Apart from the theme song, what I recall most vividly about "The Pink Panther" is the settings of the action which included glamorous homes, fashionable ski chalets, chic restaurants and fast cars.  There was something decidedly synthetic and saccharin about the sets, always perfect and untainted by reality. Additionally the sight of men wearing capes for an evening out set a precedent hitherto unknown.  Paradoxically it was Clouseau alone who maintained a foot on the ground.

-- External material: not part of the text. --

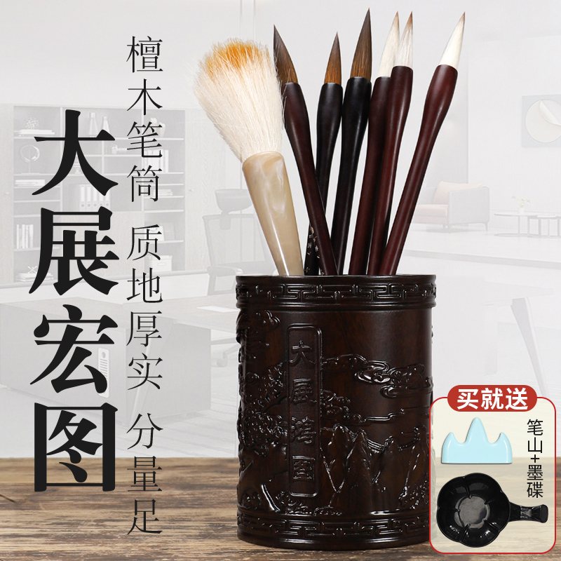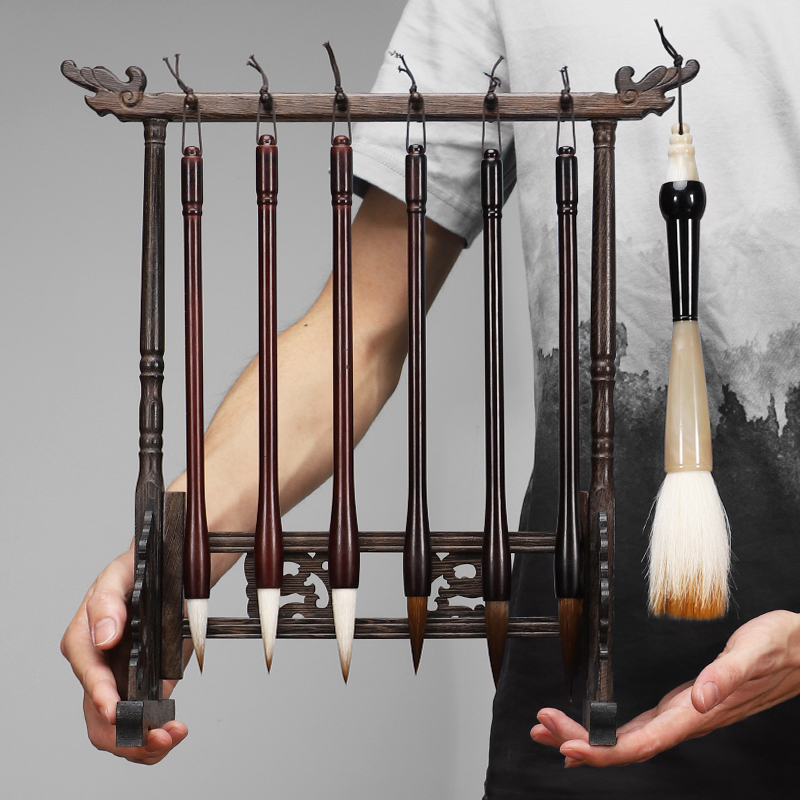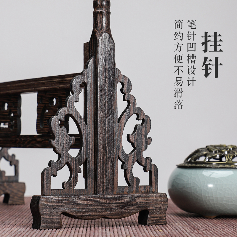 入相笔挂鸡翅木笔挂学生复古中国风实木笔架书法毛笔挂架黑檀木笔筒收纳毛笔文房四宝创意简约新中式书房摆件

Another 1964 movie of renown is "Goldfinger" starring Sean Connery as James Bond. Goldfinger was the first Bond blockbuster, with a budget equal to that of the two preceding films combined ("Dr. No" and "From Russia with Love").  The music once again was one of the most compelling features of the film, spotlighting Shirley Bassey singing the theme song:
The musical tracks, in keeping with the film's theme of gold and metal, make heavy use of brass, and also metallic chimes. The film's score is described as "brassy and raunchy" with "a sassy sexiness to it".
Goldfinger is said to have started the tradition of Bond theme songs being from the pop genre or using popular artists, although this had already been done with Matt Monro singing the title song of From Russia with Love. Shirley Bassey sang the theme song "Goldfinger", and she would go on to sing the theme songs for two other Bond films, Diamonds are Forever and Moonraker. The song was composed by John Barry, with lyrics by Anthony Newley and Leslie Bricusse that were described in one contemporary newspaper as "puerile".
Of the three movies, "My Fair Lady", "The Pink Panther" and "Goldfinger", James Bond's character presented the least consumable picture of virility because his antics were so utterly preposterous.  The music on the other hand transported me. It is even possible that the enigmatic character of the music did more to capture the personality of Gert Fröbe as the title character Auric Goldfinger, certainly not because of his physical appeal but rather for his command of the material world.  All three movies were plainly not grounded in reality.  They each presented a sumptuous and ornate material world.  They depicted a world of high society, mischievous cunning and limitless money.  I don't for a minute pretend that any one of these movies taught me anything in the nature of a lesson (other perhaps than the literary theme of "My Fair Lady") and they certainly didn't provide a standard of male conduct which to emulate.  The music of each was however unforgettable!